Deep Dive: Alibaba, the company behind Qwen
Is Alibaba's Qwen the Open-Source AI Winner?
Last week, I published a deep dive into Alibaba’s AI strategy on Michael Spencer’s AI Supremacy, and it really helped me find some confidence and courage to keep writing. Starting a newsletter from scratch without a single imported contact has sometimes been lonely and discouraging. But I’m so grateful for Michael and the community because it’s only been 2 to 3 months of active writing/ self-publishing, and I’ve officially passed the 100 subscribers mark! So I’m telling myself, let’s take it day by day, topic by topic, and keep learning and writing. Baby steps, one 100-subscribers at a time.
Thank you for the kind words and encouragement, Michael. Wooo!
For those of you who have never met me in person, I hope to connect with you online or offline! Here’s a short intro video I made for the guest post.
“Qwen2.5 is so far ahead of other LLMs that it has become normal not to include it in evaluations.” - Benjamin Marie (October 28th, 2024).
Michael Spencer wrote the below as an intro to my piece:
On November 11th, 2024, Alibaba Cloud’s Qwen team released Qwen2.5-Coder-32B-Instruct. The performance of this model surprised many people but not those of us who were already bullish on Qwen. The flagship model, Qwen2.5-Coder-32B-Instruct, reaches top-tier performance, highly competitive (or even surpassing) proprietary models like GPT-4o, in a series of benchmark evaluations, including HumanEval, MBPP, LiveCodeBench, BigCodeBench, McEval, Aider, etc. It reaches 92.7 in HumanEval, 90.2 in MBPP, 31.4 in LiveCodeBench, 73.7 in Aider, 85.1 in Spider, and 68.9 in CodeArena.
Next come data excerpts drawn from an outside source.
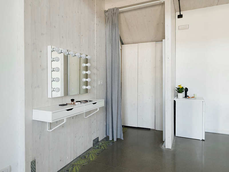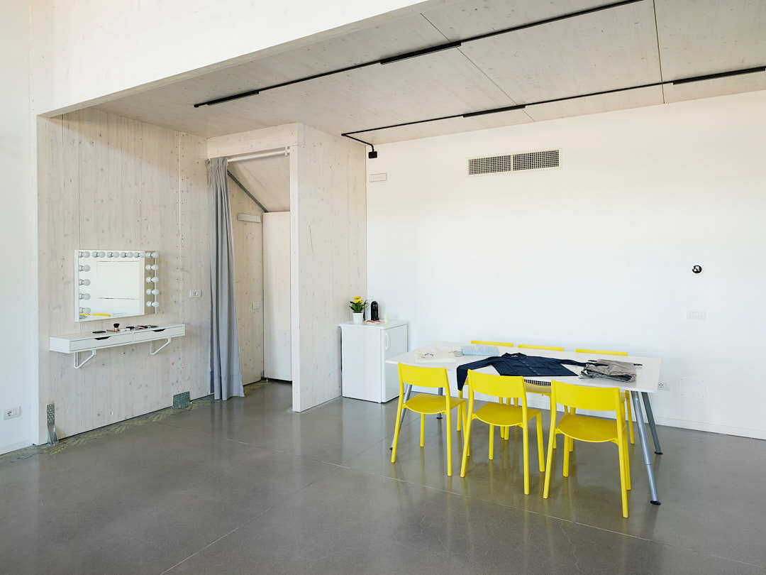 Uno spazio grande abbastanza da poterci allestire tranquillamente un doppio set per figura intera senza sentirsi allo stretto, lasciando posto anche per la merce e gli addetti ai lavori. Attrezzatura professionale inclusa nel prezzo! Il noleggio stan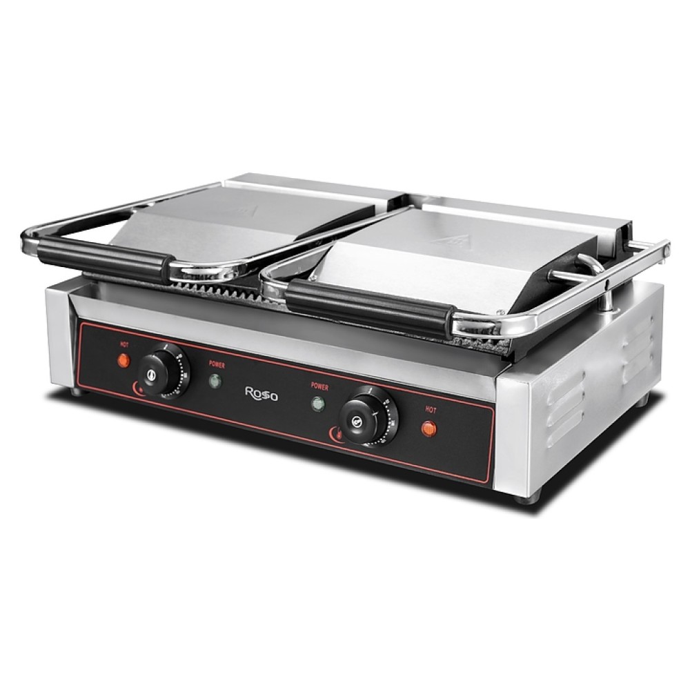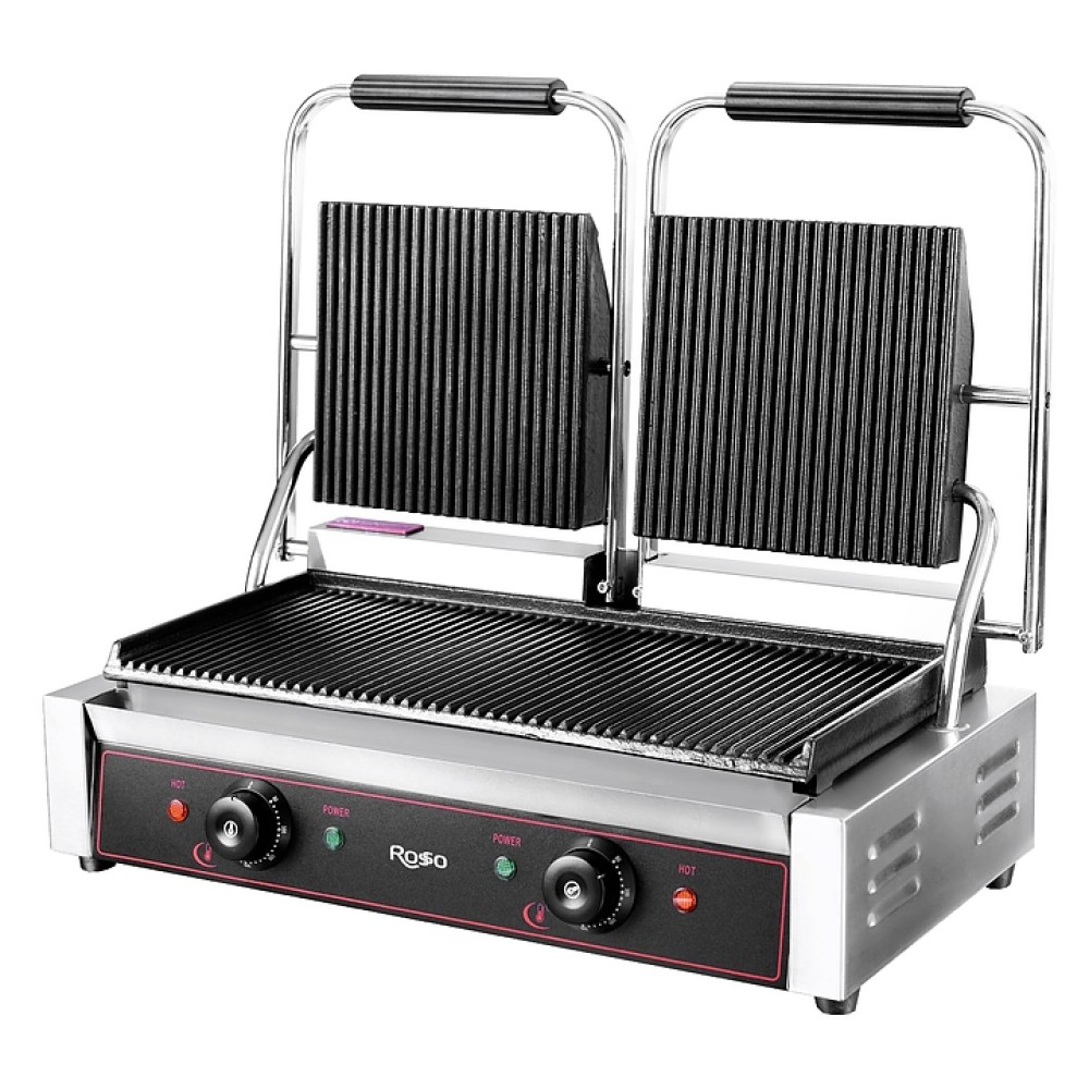 Прижимной гриль Rosso HEG-813 предназначен для жарки мяса, рыбы, птицы, овощей, бутербродов и сэндвичей на предприятиях общественного питания и торговли. Модель оснащена терморегуляторами и индикаторами нагрева и питания. Корпус выполнен из нержавеющей стали, рабочая поверхность из чугуна.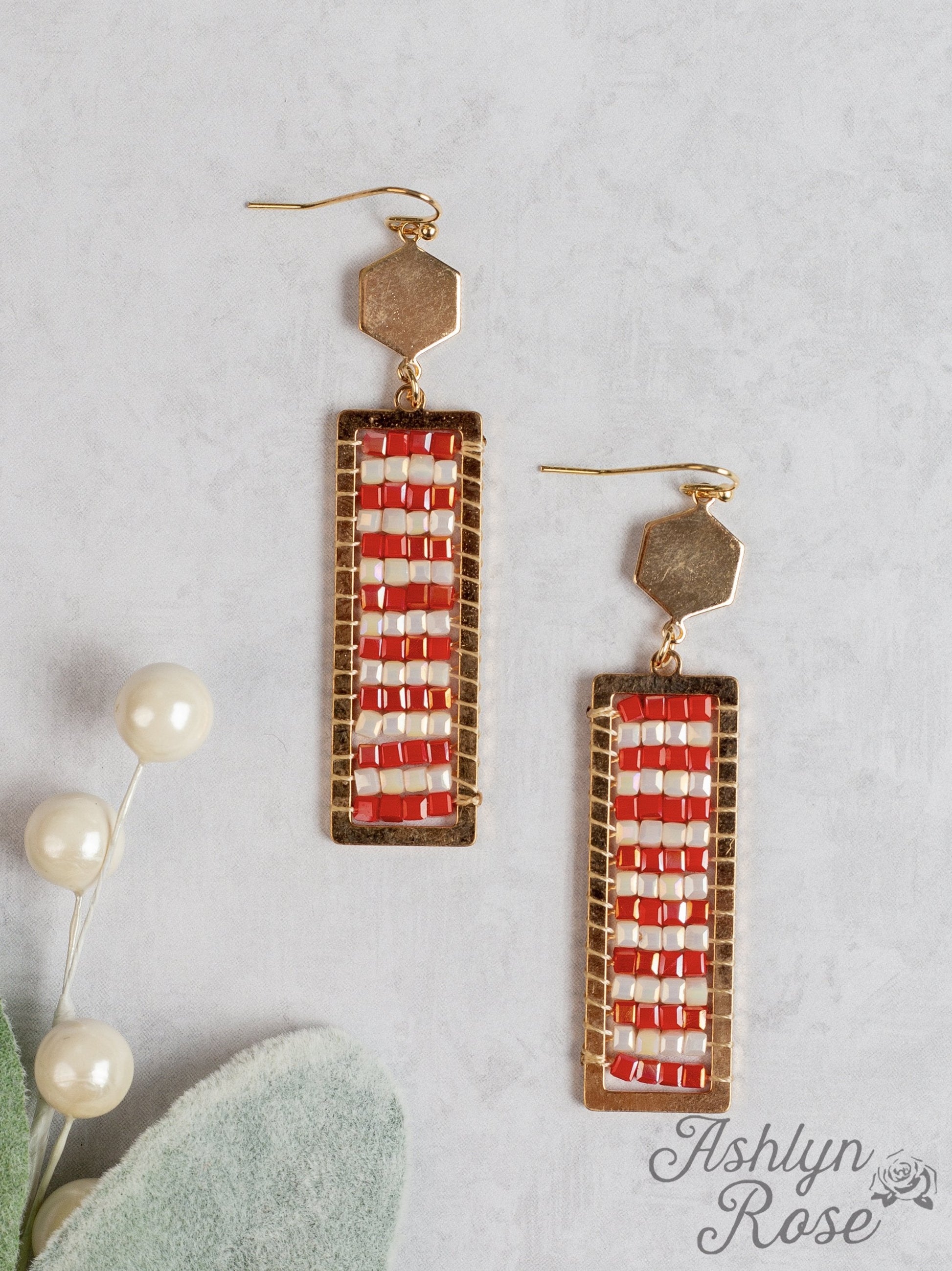 Layers of Sparkle Rectangle Sparkle Earrings, Red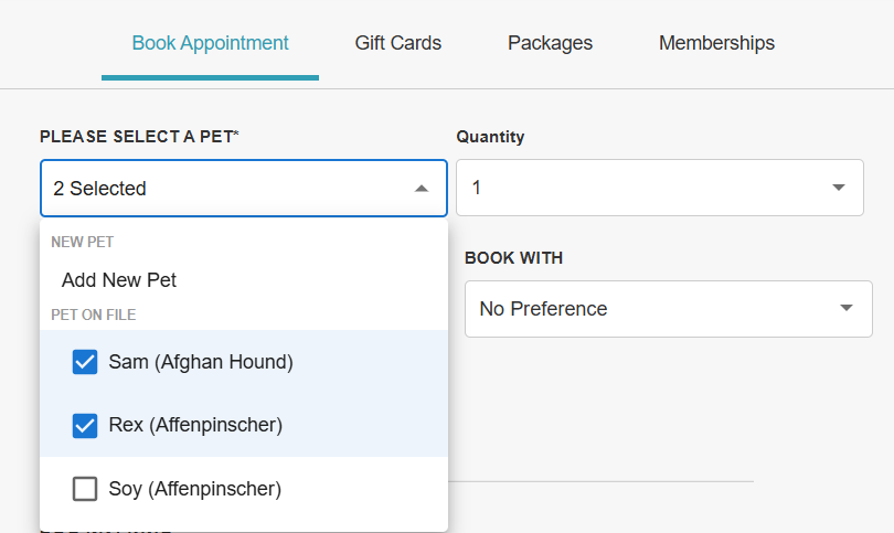 - From the "Please Select a Pet" dropdown menu, choose the pets to include in the booking:

Open-source (technically Open-weight) large language models are an exciting domain because they can lead to many real-world applications and a democratization of Generative AI globally. The idea and continuous debate of how many months behind open-source models are to proprietary frontier and closed-source models fascinates me, as does the axis between centralization and decentralization. China BigTech needs to follow the enormous capex investments of the West if they can. Thus, Tencent and Alibaba are upping their game with Baidu now, and Alibaba Cloud’s Qwen2.5-Coder-32B-Instruct feels almost like a new paradigm for the ceiling of Open-Source LLMs heading into 2025.
Now…
Alibaba, the company behind Qwen
A deep dive into Alibaba’s AI strategy, the company behind the Qwen series
Despite chip bans from the U.S., China’s AI ecosystem has outperformed many expectations, especially garnering international attention from developers as Alibaba’s open-source Qwen series has been widely adopted and been widely talked about in the community.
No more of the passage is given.